## WORK TO BE COMPLETED
From the listing below, restate word for word the lines from the line containing "On attachait beaucoup" down through the line containing "Zdjęcie 12 Festyn na Stadionie Gminnym". Exclude pictures.
[DATA PROVIDED — start]
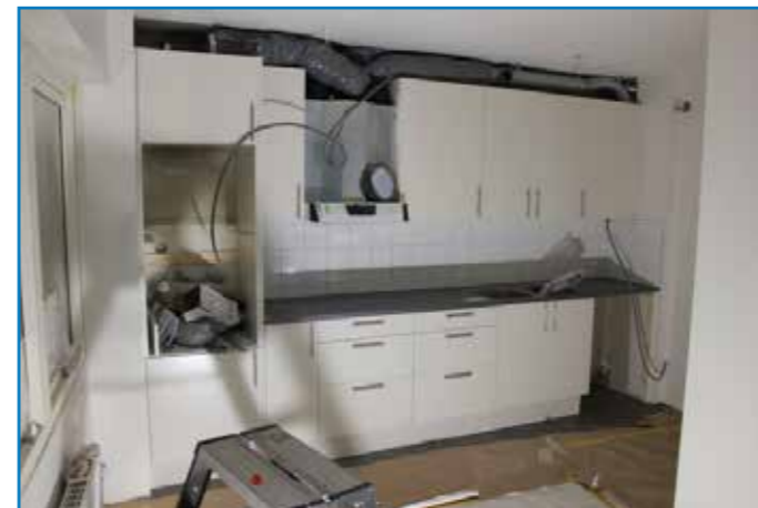
Dörren till tvättstugan/badrummet är borttagen, och i den här lägenheten det blir en hel kyl och en hel frys samt inbyggd ugn, microvågsugn och spishäll.
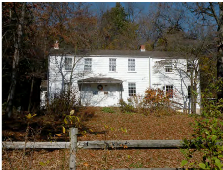
Casa natale di Rachel Carson 10
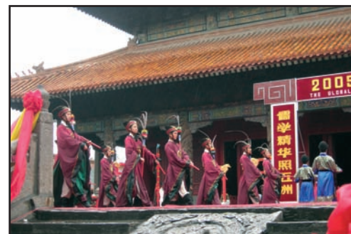
Festival de Confucius - Danse devant la Salle de la Grande Perfection

On attachait beaucoup d'importance aux activités de commémoration dans la société antique. Elles ont pour l'origine les cérémonies de commémoration que des disciples de Confucius organisaient devant son Temple. Les danses et musiques de cérémonie n'ont pas beaucoup varié pendant deux mille ans, depuis les premières cérémonies jusqu'à la Dynastie des Qing : les mélodies, rythmes, l'intensité de son, comme les instruments n'ont pas tellement changé.
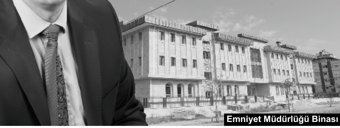
Emniyet Müdürlüğü Binası

Vakıfkebir için büyük bir gayretle çalışıyoruz.
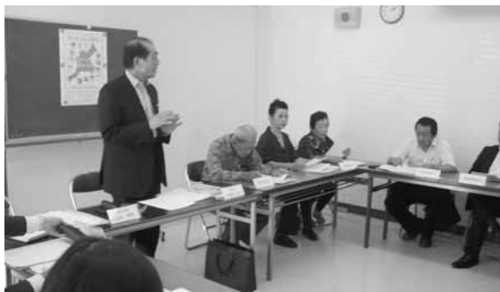
情報交換会(桑名) 26年10月7日
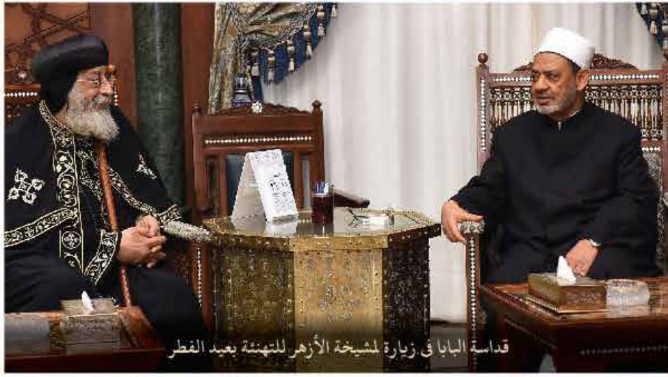
قداسة البابا في زيارة لمشيخة الأزهر للتهنئة بعيد الفطر
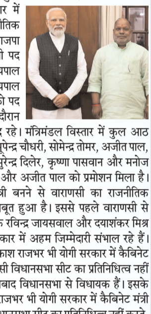
मंत्रिमंडल विस्तार में शामिल हुए मंत्री
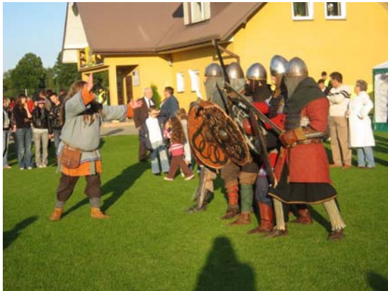
Zdjęcie 12 Festyn na Stadionie Gminnym

Realizacja działania przyczyni się do promocji miejscowości w Polsce i poza jej granicami dzięki transmisjom internetowym imprez, które odbywają się na terenie Ośrodka Sportu. Realizacja zadania pozwoli również na propagowanie zachowań prozdrowotnych wśród mieszkańców gminy. Realizacja działania stwarza możliwość promocji lokalnego sportu wiejskiego poprzez media elektroniczne na ogólnodostępnym forum.
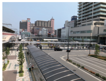
駅前広場の計画・整備(明石市)
[DATA PROVIDED — finish]
## ANSWER AREA
On attachait beaucoup d'importance aux activités de commémoration dans la société antique. Elles ont pour l'origine les cérémonies de commémoration que des disciples de Confucius organisaient devant son Temple. Les danses et musiques de cérémonie n'ont pas beaucoup varié pendant deux mille ans, depuis les premières cérémonies jusqu'à la Dynastie des Qing : les mélodies, rythmes, l'intensité de son, comme les instruments n'ont pas tellement changé.
Emniyet Müdürlüğü Binası

Vakıfkebir için büyük bir gayretle çalışıyoruz.
情報交換会(桑名) 26年10月7日
قداسة البابا في زيارة لمشيخة الأزهر للتهنئة بعيد الفطر
मंत्रिमंडल विस्तार में शामिल हुए मंत्री
Zdjęcie 12 Festyn na Stadionie Gminnym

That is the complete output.